Kuronen, Juri
(Helsingin yliopisto, 2017)
This Master’s thesis introduces a new score-based method for learning the structure of a pairwise Markov network without imposing the assumption of chordality on the underlying graph structure by approximating the joint probability distribution using the popular pseudo-likelihood framework. Together with the local Markov property associated with the Markov network, the joint probability distribution is decomposed into node-wise conditional distributions involving only a tiny subset of variables each, getting rid of the problematic intractable normalizing constant. These conditional distributions can be naturally modeled using logistic regression, giving rise to pseudo-likelihood maximization with logistic regression (plmLR) which is designed to be especially well-suited for capturing pairwise interactions by restricting the explanatory variables to main effects (no interaction terms). To deal with overfitting, plmLR is regularized using an extended variant of the Bayesian information criterion.
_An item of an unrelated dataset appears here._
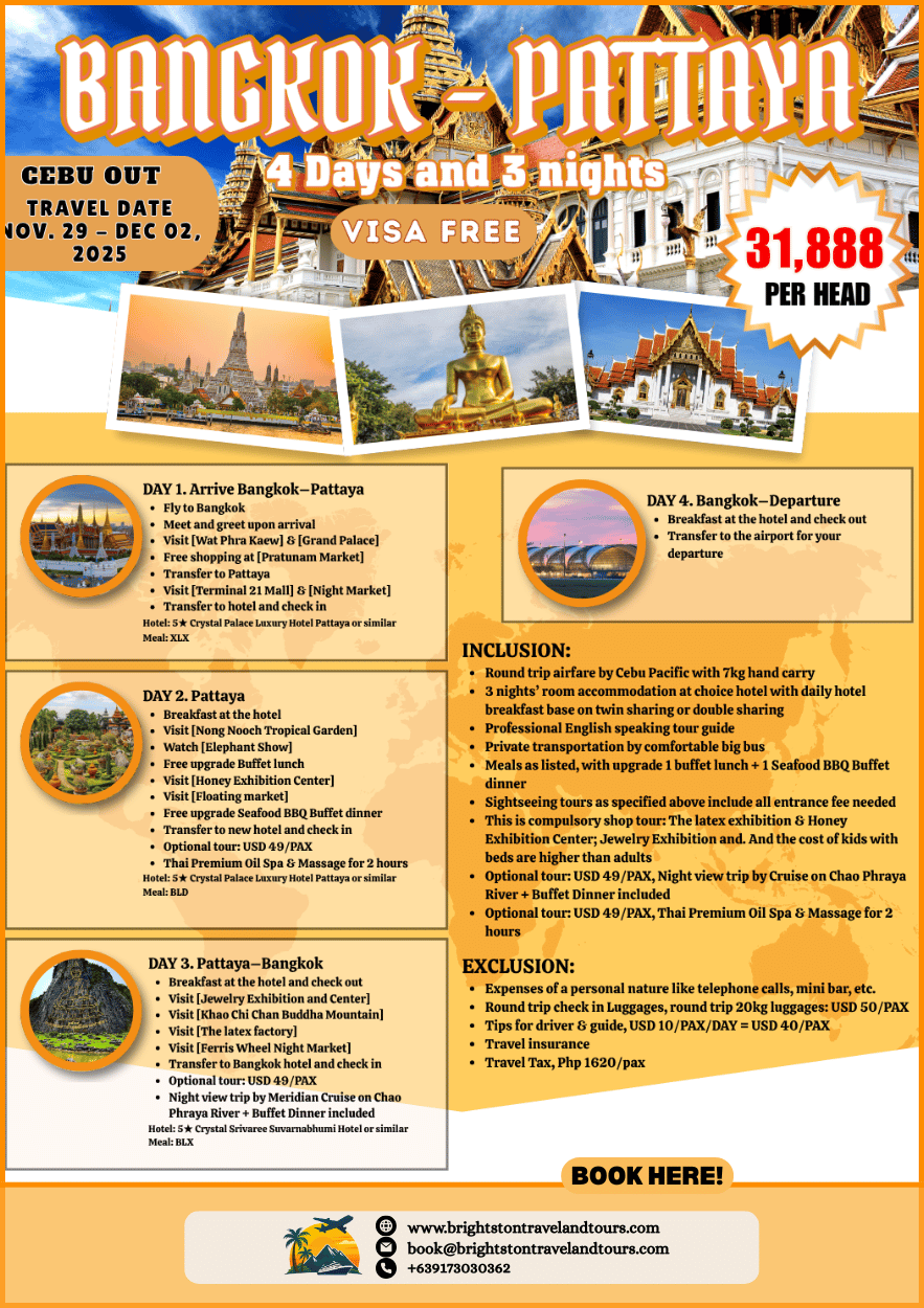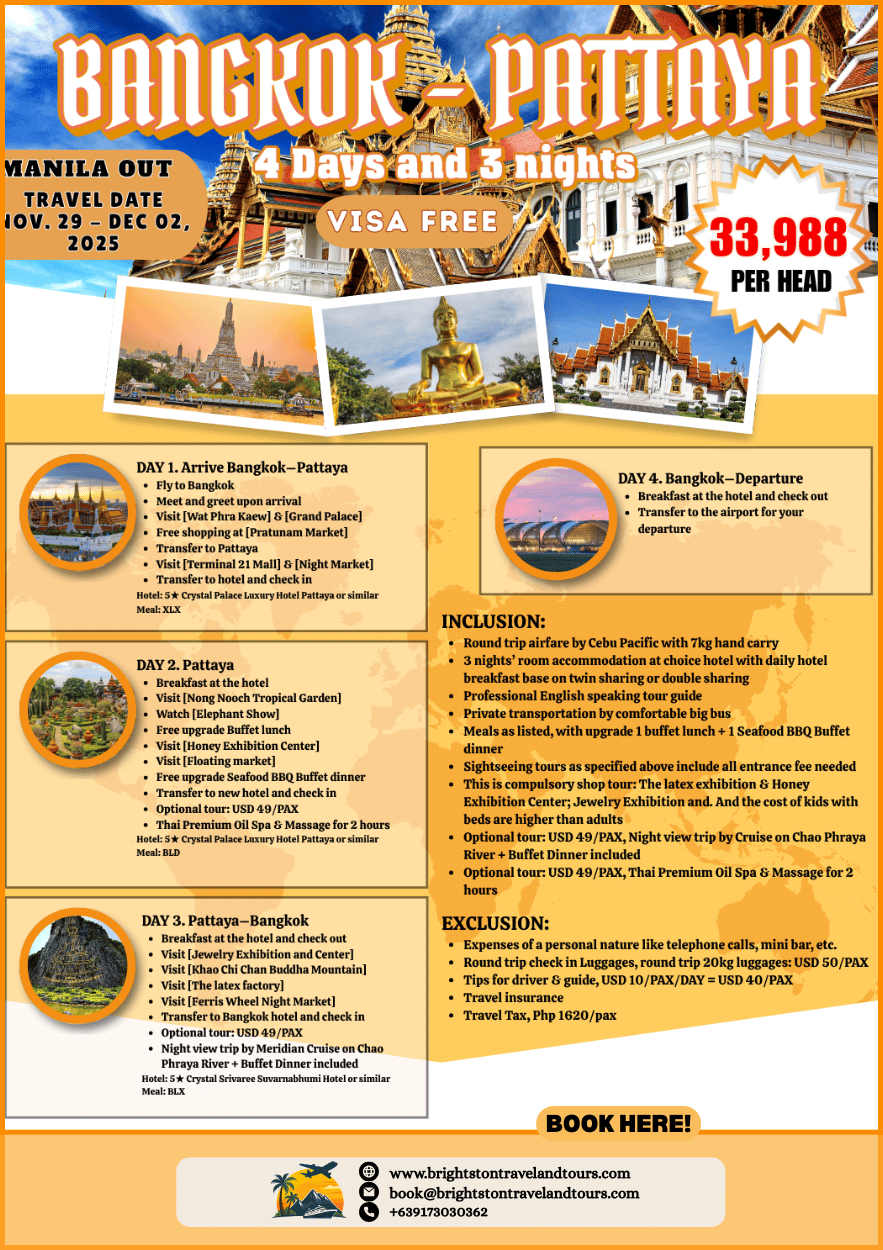 Ready to experience the magic of Thailand? From the golden temples of Bangkok to the vibrant beaches and nightlife of Pattaya, this package has it all!

To select the best model out of the vast discrete model space of network structures, a dynamic greedy hill-climbing search algorithm can be readily implemented with the pseudo-likelihood framework where each Markov blanket is learned separately so that the full graph can be composed from the solutions to these subproblems. This work also presents a novel improvement to the algorithm by drastically reducing the search space associated with each node-wise hill-climbing run by first running a set of pairwise queries to isolate only the promising candidates.
In experiments on data sets sampled from synthetic pairwise Markov networks, plmLR performs favorably against competing methods with respect to the Hamming distance between the learned and true network structure. Additionally, unlike most logistic regression based methods, plmLR is not limited to binary variables and performs well on learning benchmark network structures based on real-world non-binary models even though plmLR is not designed for their structural form.